The records below are to be repeated exactly, and their pictures left out.

————

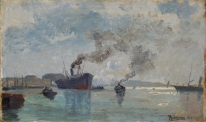 harbour · ship · sail · sailing · shipping · boat · steam · river · harbor · funnel · thames · port · Private Collection / Bridgeman Images |
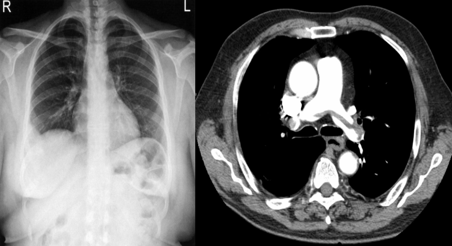 A large embolism is seen, with extension across the bifurcation of the pulmonary trunk into the right and left pulmonary arteries. Straddling of the pulmonary trunk bifurcation by pulmonary embolism is sometimes referred to as saddle embolism.
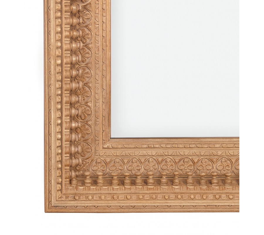 Obvod rámu zdobí pravidelné bohaté zdobenie, ktoré kombinuje geometrické prvky typické pre orientálny štýl s jemnými florálnymi motívmi, obľúbenými vo vidieckom dizajne. Rám je rozdelený na viacero sústredných obdĺžnikových plôch v rôznych výškach, čo vytvára dynamický vizuál a priestorovú hĺbku. Vyrezávané ornamenty tak pôsobia mimoriadne plasticky a živo. Rám je ručne opracovaný, čo zaručuje precíznosť a kvalitu prevedenia. Veľké množstvo drobných detailov a ich symetria tak pôsobia honosným a luxusným dojmom.
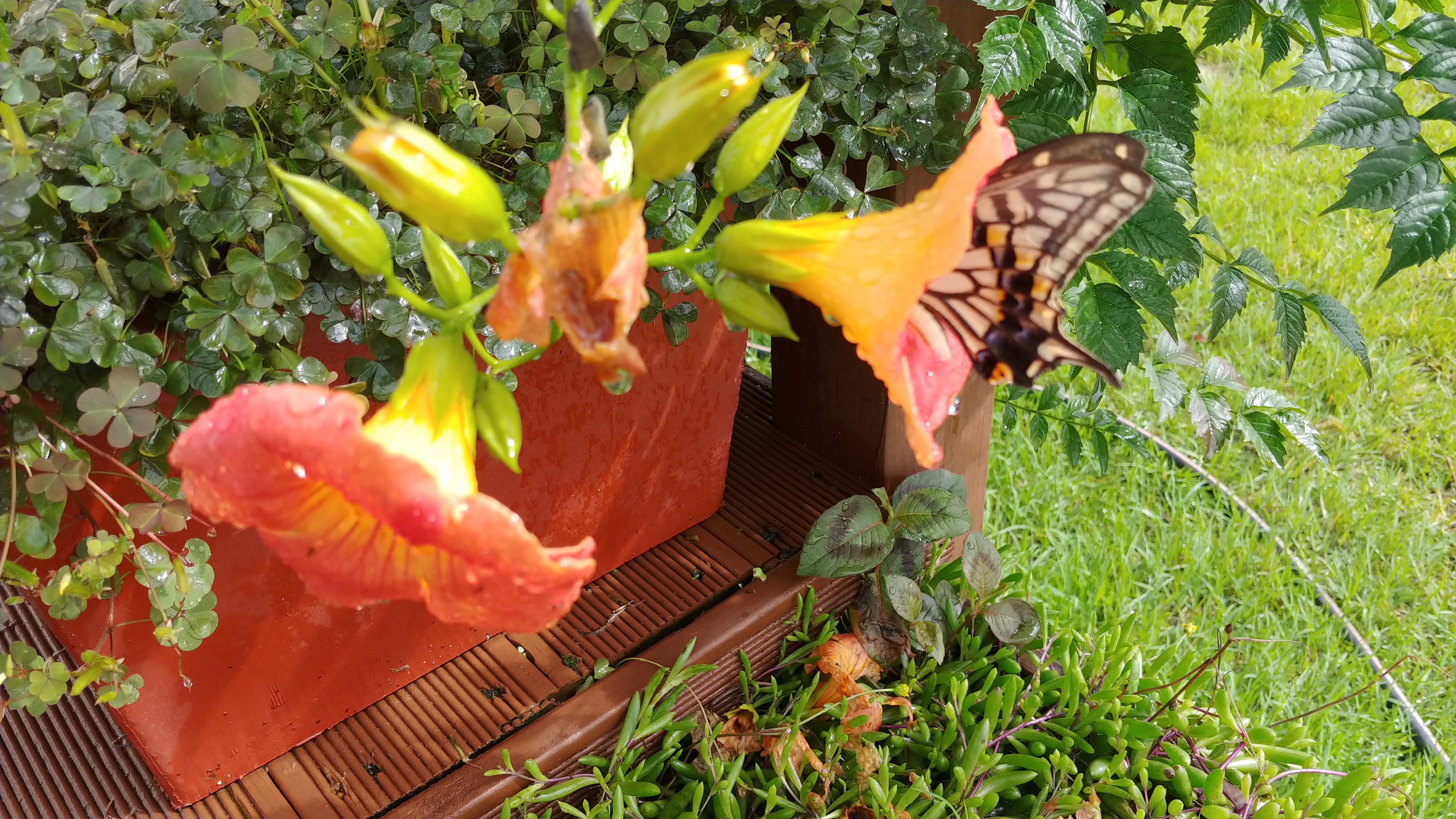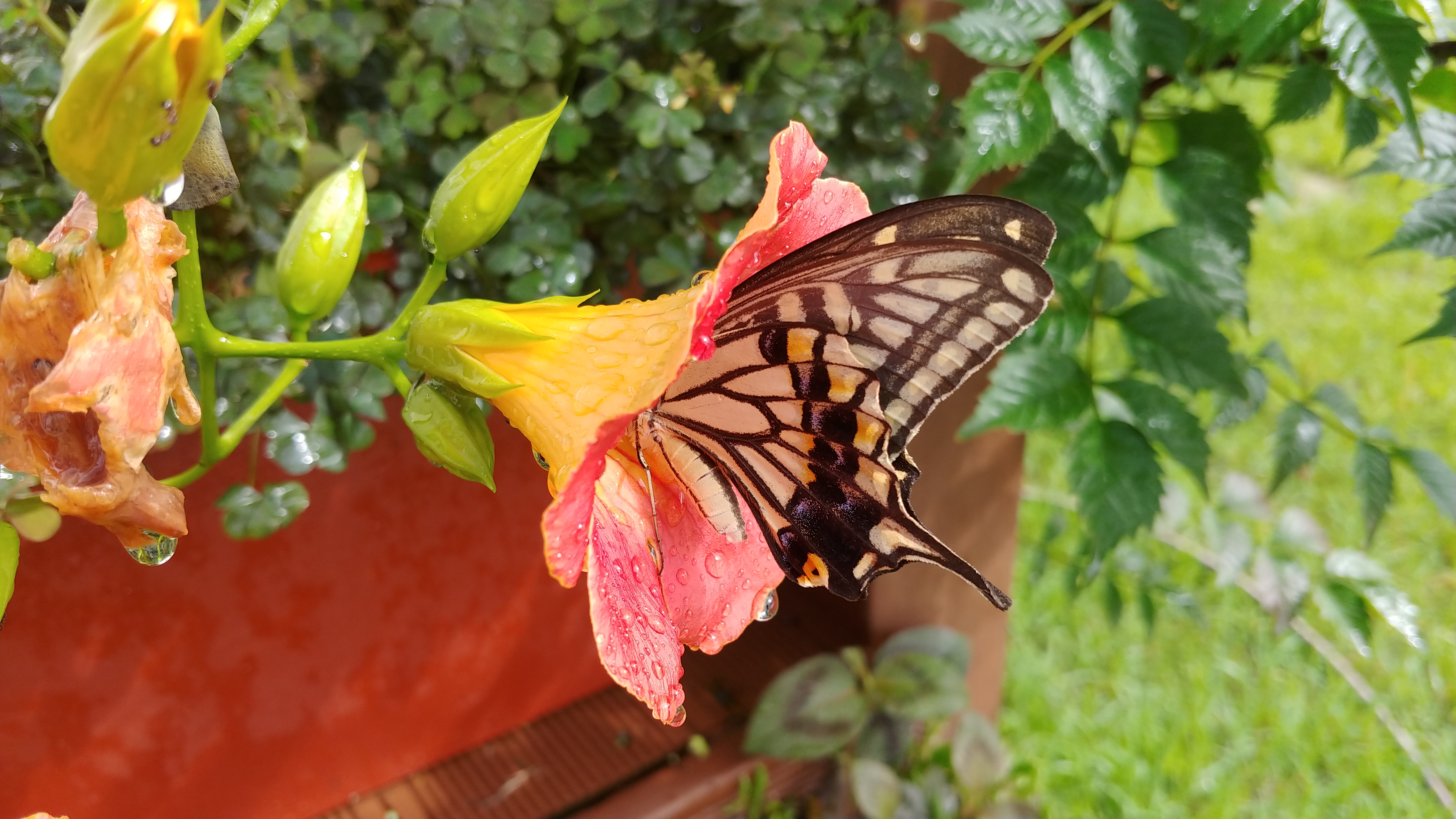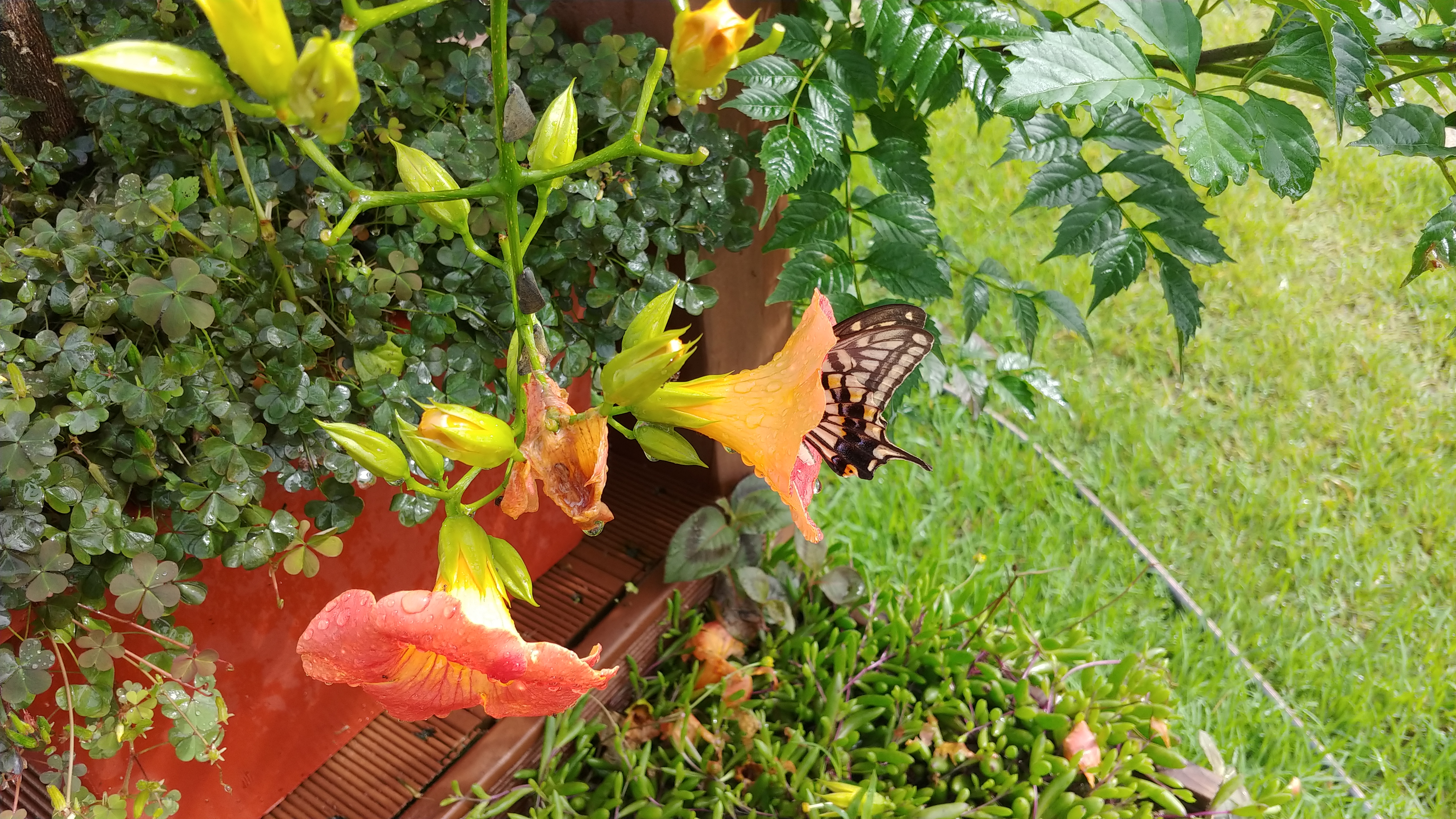 능소화에 큰 나비 한 마리가 꿀을 따고 있다.
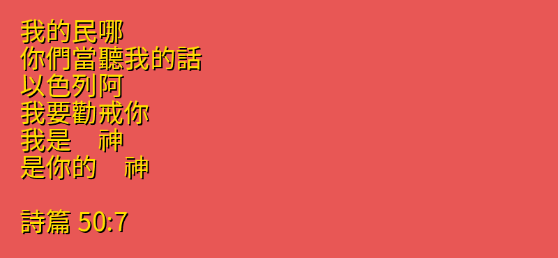 我的民哪、你們當聽我的話.以色列阿、我要勸戒你.我是 神、是你的 神。
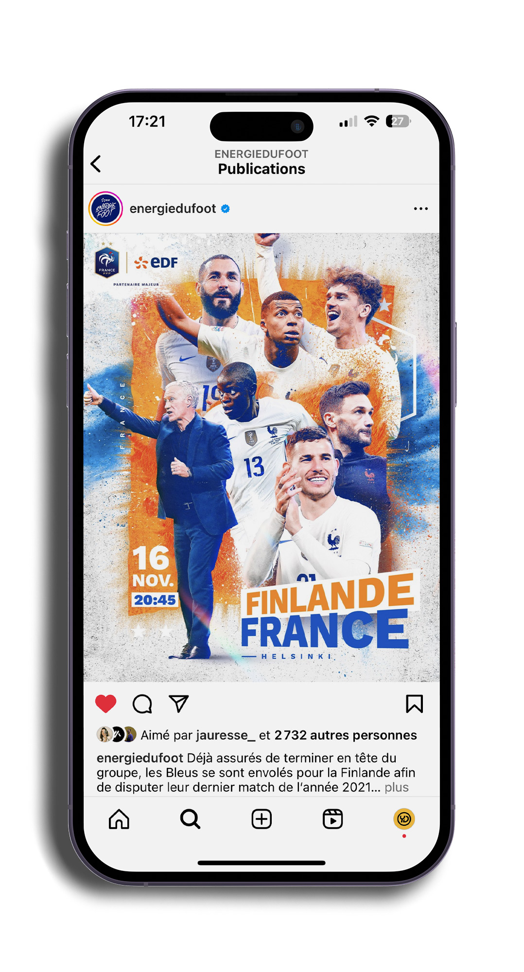 En amont de la compétition, j’ai également réalisé un visuel “J-100” pour susciter l’engouement des abonnés. Lorsque l’aventure s’est terminée, le compte “Énergie du Foot” a tenu à partager son soutien à l’équipe et a partagé un visuel “Merci les Bleus”, créé par mes soins, après le dernier match.
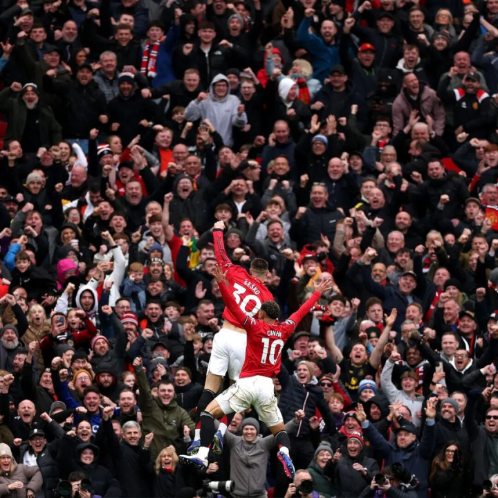卡塞米罗庆祝得分 时,拉起曼联队标 竖起大拇指,而梦剧场观赛人群 则向他高呼「再踢一年、再踢一年」。因为35万英镑的高额周薪,卡塞米罗留下已经没可能,俱乐部官宣了他的离开,但巴西国脚可以好好享受最后的8场赛事 。
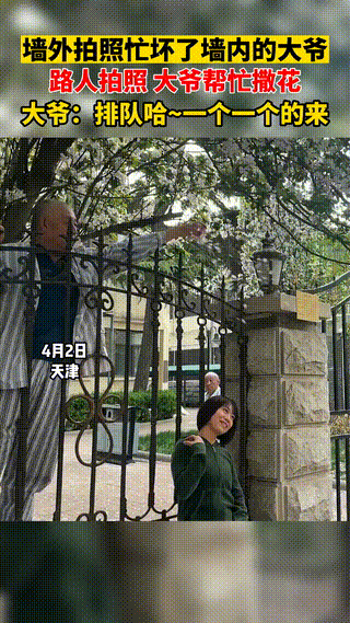 視訊中,一位生活在墻內的大爺成為了網紅場景中的最佳配角。只見他熱情地幫助拍照的路人撒花,絲毫不輸專業的氣氛組,大爺的撒花動作不僅嫻熟,而且充滿了節奏。隨著大爺的一聲聲「排隊哈~一個一個的來」,現場的流量瞬時間爆滿。可是這位大爺為何如此賣力地撒花呢?究竟是什麼吸引了這麼多的游客駐足呢?這些懸念都在等待你去揭曉。

————

__Expected output__
 harbour · ship · sail · sailing · shipping · boat · steam · river · harbor · funnel · thames · port · Private Collection / Bridgeman Images |
 A large embolism is seen, with extension across the bifurcation of the pulmonary trunk into the right and left pulmonary arteries. Straddling of the pulmonary trunk bifurcation by pulmonary embolism is sometimes referred to as saddle embolism.
 Obvod rámu zdobí pravidelné bohaté zdobenie, ktoré kombinuje geometrické prvky typické pre orientálny štýl s jemnými florálnymi motívmi, obľúbenými vo vidieckom dizajne. Rám je rozdelený na viacero sústredných obdĺžnikových plôch v rôznych výškach, čo vytvára dynamický vizuál a priestorovú hĺbku. Vyrezávané ornamenty tak pôsobia mimoriadne plasticky a živo. Rám je ručne opracovaný, čo zaručuje precíznosť a kvalitu prevedenia. Veľké množstvo drobných detailov a ich symetria tak pôsobia honosným a luxusným dojmom.
 능소화에 큰 나비 한 마리가 꿀을 따고 있다.
 我的民哪、你們當聽我的話.以色列阿、我要勸戒你.我是 神、是你的 神。
 En amont de la compétition, j’ai également réalisé un visuel “J-100” pour susciter l’engouement des abonnés. Lorsque l’aventure s’est terminée, le compte “Énergie du Foot” a tenu à partager son soutien à l’équipe et a partagé un visuel “Merci les Bleus”, créé par mes soins, après le dernier match.
卡塞米罗庆祝得分 时,拉起曼联队标 竖起大拇指,而梦剧场观赛人群 则向他高呼「再踢一年、再踢一年」。因为35万英镑的高额周薪,卡塞米罗留下已经没可能,俱乐部官宣了他的离开,但巴西国脚可以好好享受最后的8场赛事 。
 視訊中,一位生活在墻內的大爺成為了網紅場景中的最佳配角。只見他熱情地幫助拍照的路人撒花,絲毫不輸專業的氣氛組,大爺的撒花動作不僅嫻熟,而且充滿了節奏。隨著大爺的一聲聲「排隊哈~一個一個的來」,現場的流量瞬時間爆滿。可是這位大爺為何如此賣力地撒花呢?究竟是什麼吸引了這麼多的游客駐足呢?這些懸念都在等待你去揭曉。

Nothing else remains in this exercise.